Deja en paz a los otros niños. Eres mayor, eres más grande que ellos.
Le consumió la rabia al ver los cabellos rubios pegados a la ventanilla de la camioneta por el lado del pasajero. Donde el hombre la había empujado sin que ella se resistiese. Gata perezosa entregándose, extendiendo los brazos. Y ahora el hombre se inclinaba sobre ella. Eddy, con la gorra de béisbol. Los brazos de la mujer rodeaban el cuello del hombre, ciñéndolo.

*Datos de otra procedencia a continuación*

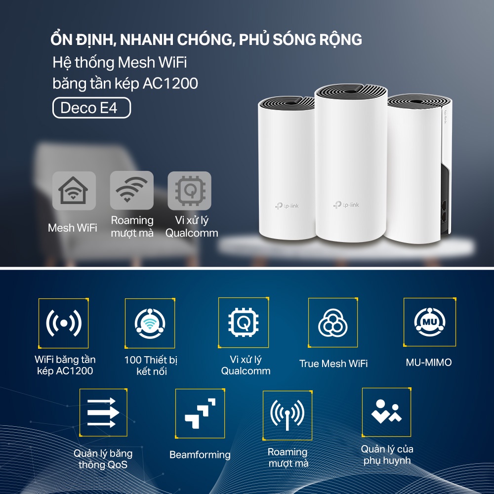 [Tốc Độ 1.9Gbps - Phủ sóng rộng] Hệ thống Wifi Mesh TP-Link Deco E4/M4/M5/S7/X10 - Chính Hãng TP-Link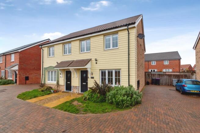 Externally, the front garden is complemented by a block-paved driveway running alongside the house, providing off-road parking for two to three vehicles. The fully enclosed rear garden features a paved patio and lawn.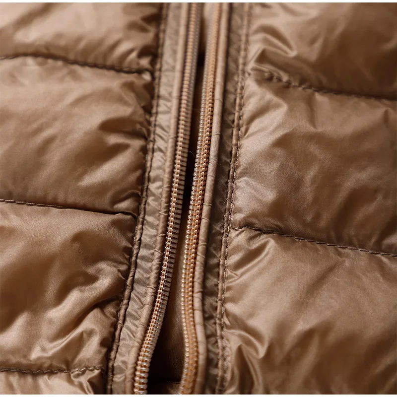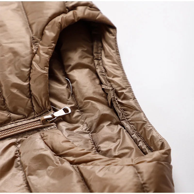 Отличная жилетка. Беру уже второй раз. Пух не лезет. Тонкая , но тёплая. Рекомендую.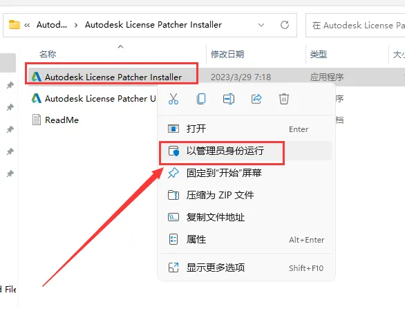 选择Autodesk License Patcher Installer鼠标右键以管理员身份运行

Krull sabía lo que estaban haciendo. Krull sabía lo que era joder, lo que significaba: la cosa más asquerosa que se podía hacer. Chicos de más edad se lo habían contado. En el garaje los mecánicos decían joder, jodido con frecuencia. Delray decía joder con mucha violencia cuando estaba enfadado, pero no hacía falta estar enfadado para decir joder, no era más que una manera de hablar, incluso las mujeres lo decían a veces, hasta Zoe decía joder. Pero si Aaron lo decía, su madre le reñía.
¡Cuidado con esa boca! Hay señoras delante.
Un chiste de Zoe, que no era una señora. ¿Qué tenía eso de divertido?
Krull a la edad de once años sabía lo que e ran joder, jodido y le repugnaba. Krull no podía imaginar por qué ninguna mujer consentiría que un hombre la jodiera.
Fuera quien fuese Eddy, conducía una camioneta Chevy de color verde oscuro. Modelo nuevo en buenas condiciones y Aaron se preguntó si lo había visto en el garaje de su padre. Quizá en la gasolinera. Quizá, incluso, le había llenado el depósito.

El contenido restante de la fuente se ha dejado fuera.